はらぺこあおむしのぼうけん

読書、映画、ときどき漫画のレビュー。最新刊から古典まで。

感想はただ一言、「これが、若さか…」みずみずしさあふれる芥川賞(2002年)候補作 島崎理生「リトル・バイ・リトル」

こんにちは。

島崎理生「リトル・バイ・リトル」です。芥川賞候補にもなったので、結構有名な作品なのかしら。

久々に、出会いの妙を感じた本。運命の1冊になるようなこともないし、読み返すことも絶対ないけどw、ばったり昔の同級生と会って一晩語りあかしたような(そしてそれっきりまた他人に戻る)、そんな余韻が残る本でした。良い時間だった!!

リトル・バイ・リトル (角川文庫)

主人公はふみという高校卒業したての女の子。母と異父妹のユウちゃんと3人で暮らしている。母が二度目の離婚をしたことで学費のアテがなくなり、進学することができなくなった。とりあえずバイトをしながら今後のことを考え中。
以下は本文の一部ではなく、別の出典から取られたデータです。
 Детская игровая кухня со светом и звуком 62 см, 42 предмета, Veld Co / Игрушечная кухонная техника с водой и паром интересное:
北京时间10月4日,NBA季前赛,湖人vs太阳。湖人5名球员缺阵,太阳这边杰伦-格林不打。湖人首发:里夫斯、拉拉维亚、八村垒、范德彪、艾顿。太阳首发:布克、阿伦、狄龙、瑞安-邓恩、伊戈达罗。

整体師として働いている母の仕事をきっかけに周というキックボクサーに出会い、少しずつ恋仲になる。

という話。

 

感性のみずみずしさが際立っていて良いです。

例えば、周と深夜のコインランドリーに入り「幸せだねぇ」と言う。コインランドリーで洗濯物待つ間ってなんであんなにほっこりするんだろう。あとは、通っている習字教室の先生のご飯。「白いゴマのかかった玄米になめこの味噌汁。里芋の煮物にアジの開き。納豆はパックではなくワラに包まれた高価なものだった」こういうご飯あったら一日幸せに過ごせるわ。
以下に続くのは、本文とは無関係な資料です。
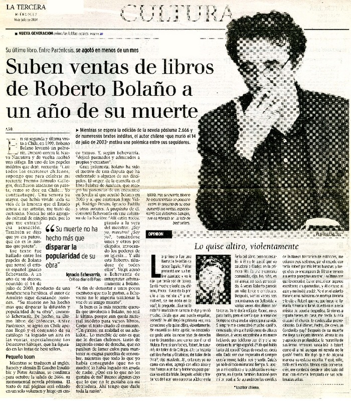 Suben ventas de libros de Roberto Bolaño a un año de su muerte [artículo] A. G. B.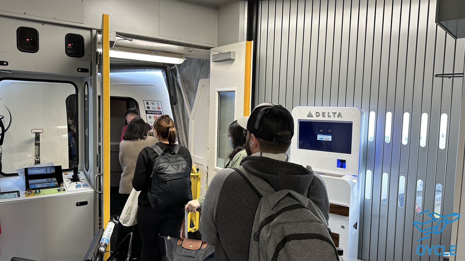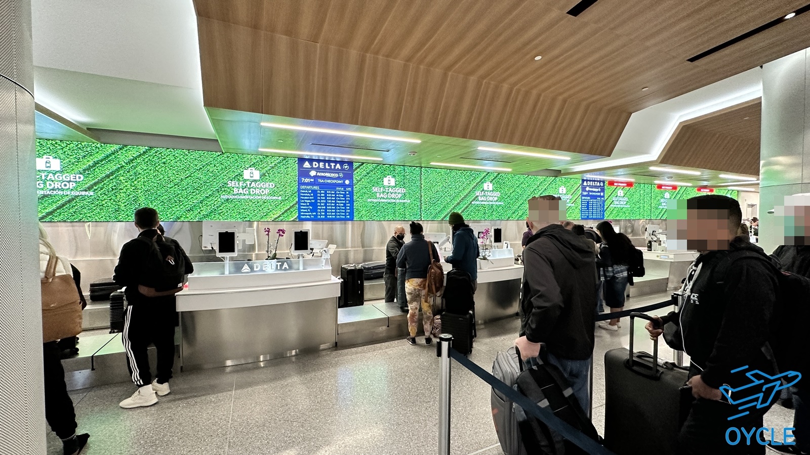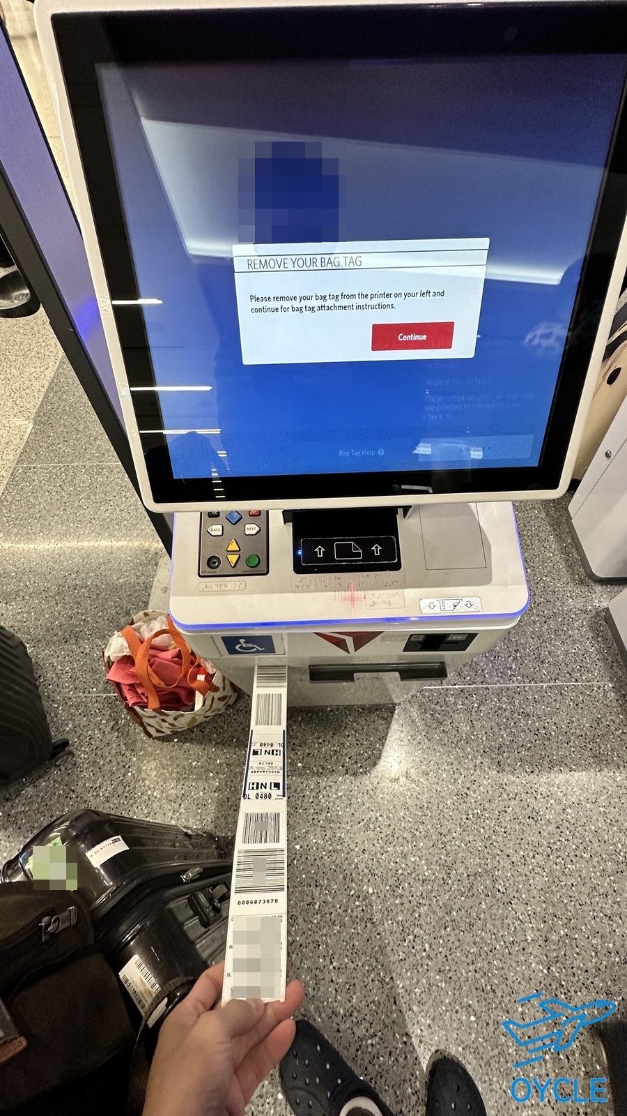 델타항공의 키오스크에 예약번호를 입력하고 수화물 표를 뽑는다. 델타항공 홈페이지에서 해당 항공편을 예약할 때 델타항공으로 로그인하지 않고 예약을 진행하면 대한항공 회원번호를 입력할 수 있다. (로그인하면 델타항공 회원번호만 입력되고 마일리지도 델타항공으로 적립되게 된다) 대한항공 회원번호를 입력하면 알아서 모닝캄 (스카이팀) 혜택이 적용되어 수화물 (Checked bag) 1개를 무료로 보낼 수 있다.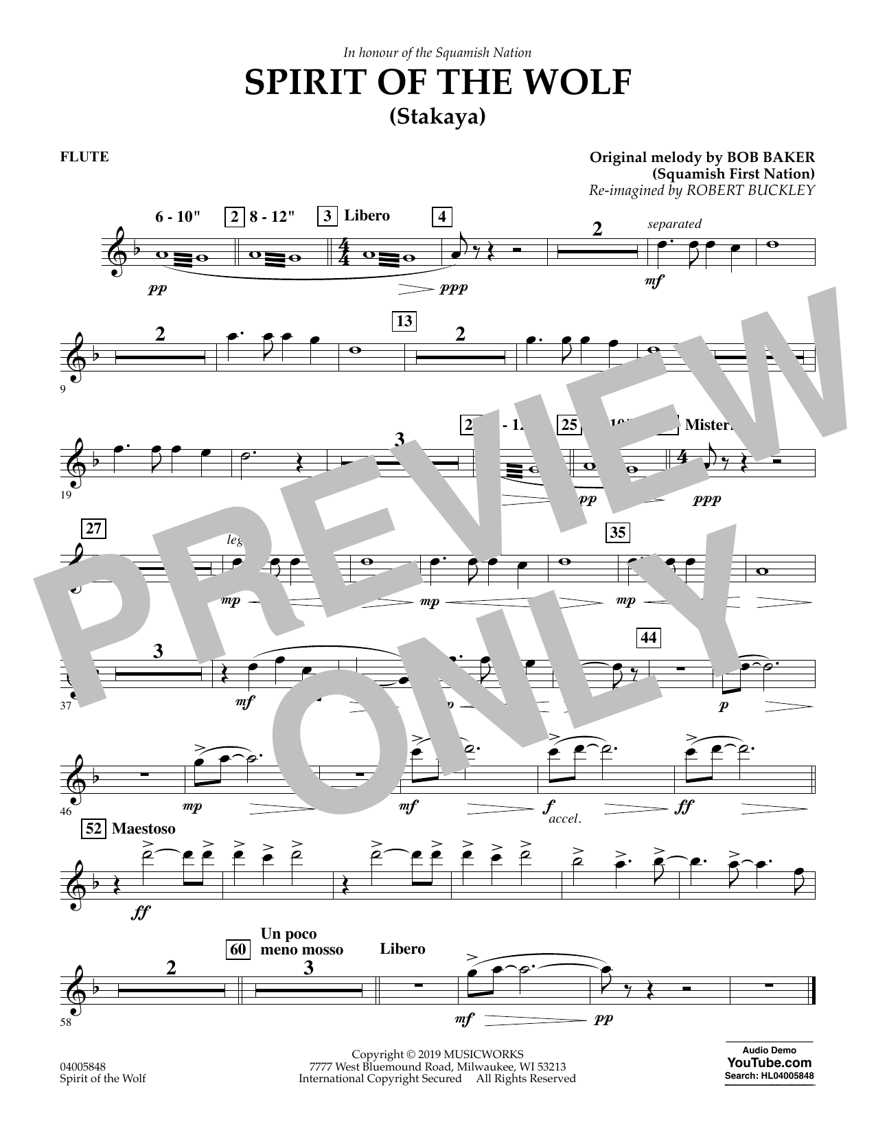 Download or print Robert Buckley Spirit of the Wolf (Stakaya) - Flute sheet music, chords and digital score arranged for Concert Band. This Concert score includes 1 page(s).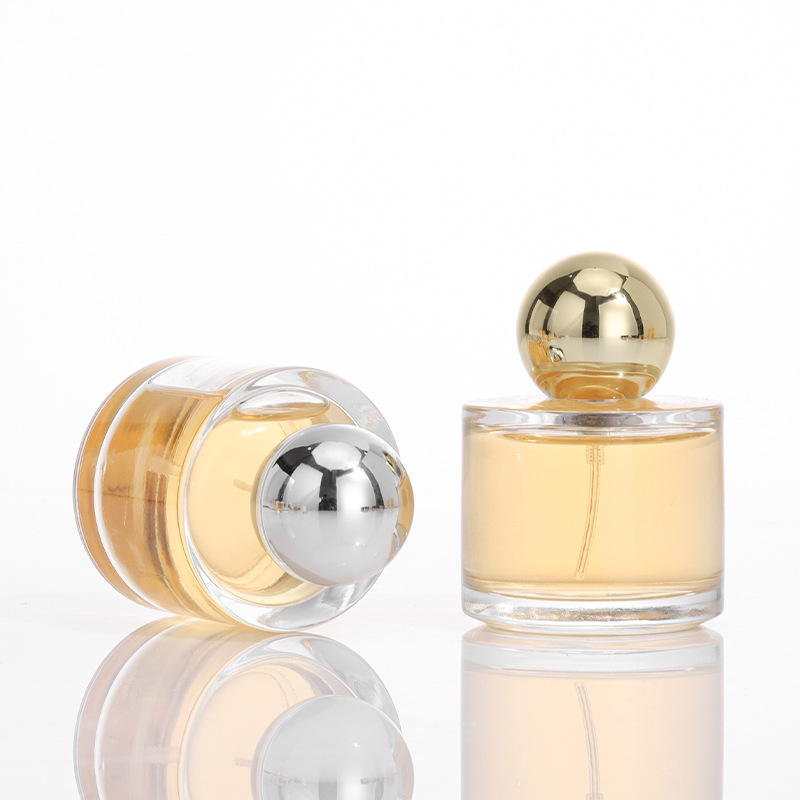 厚い底の香水瓶50mlの創意的な透明なアロマボトルのスプレーのボールの蓋は瓶を分けて卸売りして圧力式のスプレーの瓶を押します。

誰もが心の中に持っている「なんかいい気持ちになれるポイント」を的確に突いてくる。心の奥にしまい込んだ心地よさを取り出してきて、心をマッサージしてくれるんです。しかしそうやって、あれやこれやと「なんか気持ちいいもの」を書きだすのには熱心なのに、肝心なことは書かないでご想像にお任せするんですね。このギャップにやられる!!

まず、母とユウちゃんとの暮らし。母の言動を見る限り、自己中心的で男に期待をかけて結婚し(あるいは恋仲になり)裏切られるタイプであることがわかります。子育ては放棄して、女であることを最優先に。また、ユウちゃんはまだ小学生ということで、ふみは母のグチやイライラのはけ口にされているんだろうなぁということも想像に難くない。ユウちゃんはそんな母を軽蔑しているきらいがある。だったらこういうこと書けばいいんですよ。
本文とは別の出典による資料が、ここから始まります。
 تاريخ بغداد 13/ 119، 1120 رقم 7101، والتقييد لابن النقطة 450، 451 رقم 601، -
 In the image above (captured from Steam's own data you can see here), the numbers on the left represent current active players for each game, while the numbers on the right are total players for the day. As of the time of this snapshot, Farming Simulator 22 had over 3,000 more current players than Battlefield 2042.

「母の一番目の夫、つまり私の父はいいかげんな男だった。うまい話に飛びつき借金をこしらえたり、友人の連帯保証人になったり、疲れ切った母は離婚した。二番目の夫は、普通の人だった。彼は、やがて生まれたユウちゃんには優しかったが、私や母にはどことなく冷たかった。しかし、母には、連れ子を受け入れてくれた夫に遠慮する気持ちがあったのだろう。母の威勢のよさは封印され、いつもつくり笑いを浮かべていた気がする。しかしそんな生活も数年前に終わりを告げることになる。ユウちゃんは父に似ている。色が白くてお人形さんみたいで、ときどき、母を値踏みするような目で見ているところも全て…」(全て想像による補完ですw)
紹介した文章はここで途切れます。